皇后説了這句話,忍不住以袖掩面,痛哭起來。
這時,魏清慧等和一部分皇后的貼身宮女如吳婉容等都已經進人偏殿,她們聽到皇后説她臨死前不能見到兩個公主,但求見到太子與二王的話,每一個字都震擊着她們的心靈。第一個不知誰哭出聲來,跟着就全哭起來,而且不約而同地環跪在皇后面前,號陶大哭。站在門外的幾十名宮女和太監都跟着嗚咽哭泣。
周後本來還只是熱淚奔流,竭力忍耐着不肯大哭,為的是不使皇上被哭得心亂,誤了他處置大事。到了這時,她再也忍耐不住,放聲痛哭。

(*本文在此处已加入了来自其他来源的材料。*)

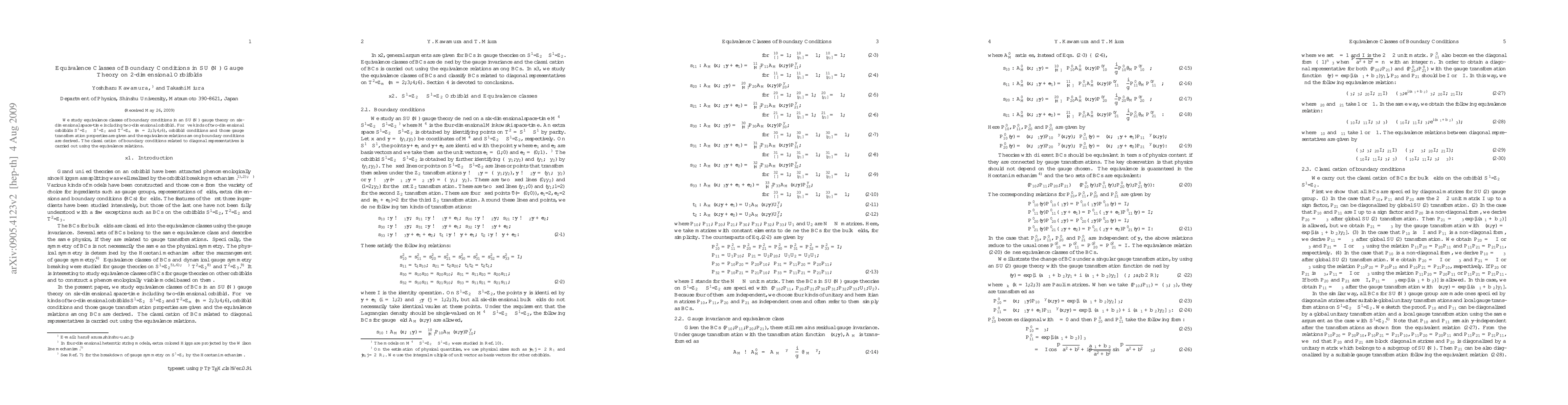 This paper classifies equivalence classes of boundary conditions in SU(N) gauge theory on six-dimensional space-time with two-dimensional orbifolds, including $S^1/Z_2 \times S^1/Z_2$ and $T^2/Z_m$. It derives equivalence relations and uses them to classify boundary conditions related to diagonal representatives.
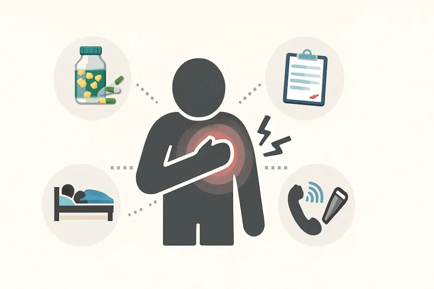 가슴이 뻐근한 증상이 나타났다고 해서 무조건 응급 상황은 아닙니다. 하지만 어떤 상황에서든 올바른 대응이 중요합니다. 아래 방법들을 통해 증상이 심하지 않다면 우선 스스로 점검하고 조절해볼 수 있습니다.
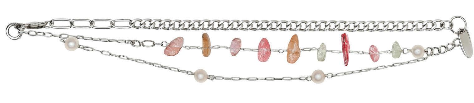 BRITT Acier inoxydable, Perle de coquille et Vitrum. Bracelet 6,75"+1"
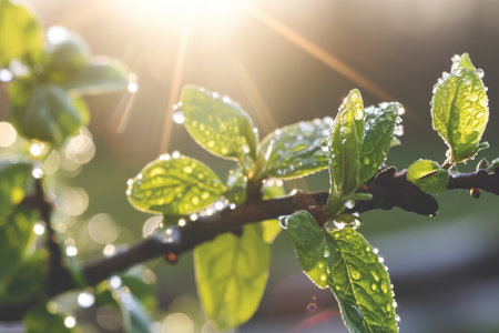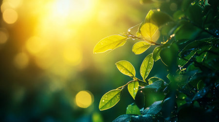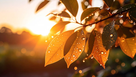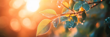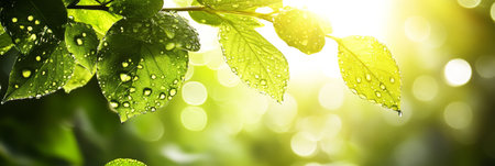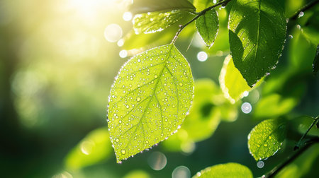 A refreshing close-up of green leaves covered in dewdrops, illuminated by warm sunlight. Ideal for nature, environment, and wellness content.
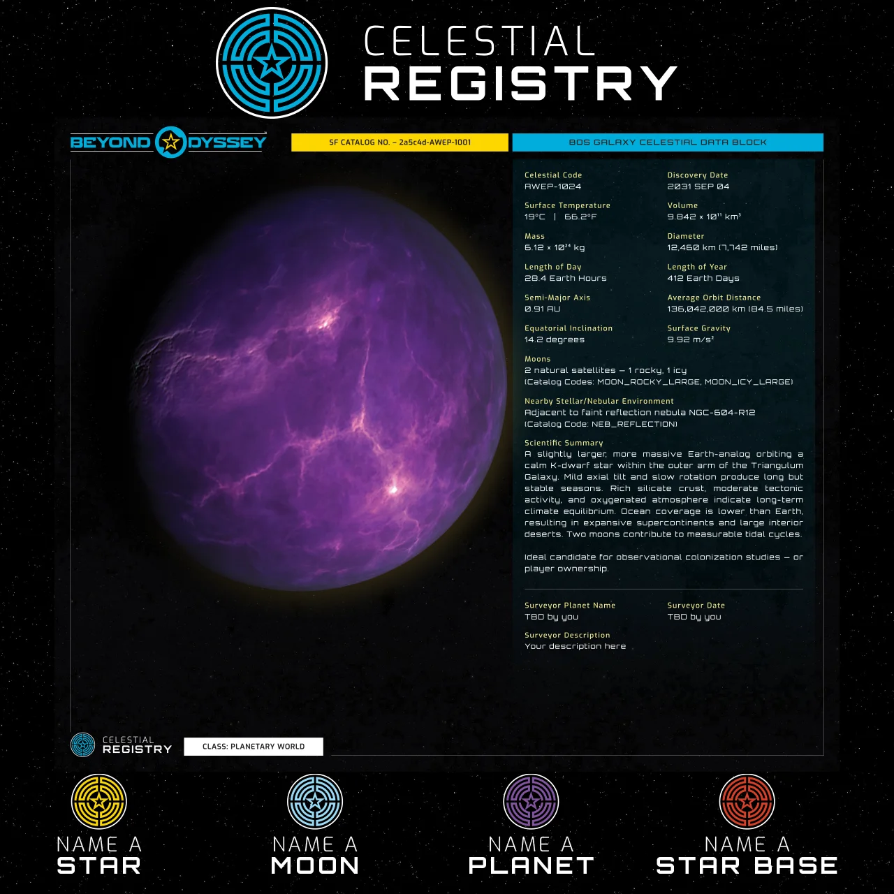The Celestial Registry is the permanent archive of worlds named inside the Beyond Odyssey universe.

崇禎也極悲痛,在一片哭聲中,望着皇后,無話可説,不禁嗚咽。他知道皇后不肯馬上去死,不是貪生怕死,而是想等待看三個兒子一眼。嗚咽一陣,他又一次用袍袖擦了眼淚,對皇后説道:
“內城將破,你趕快去死吧。朕馬上也要自盡,身殉社稷,我們夫妻相從於地下。”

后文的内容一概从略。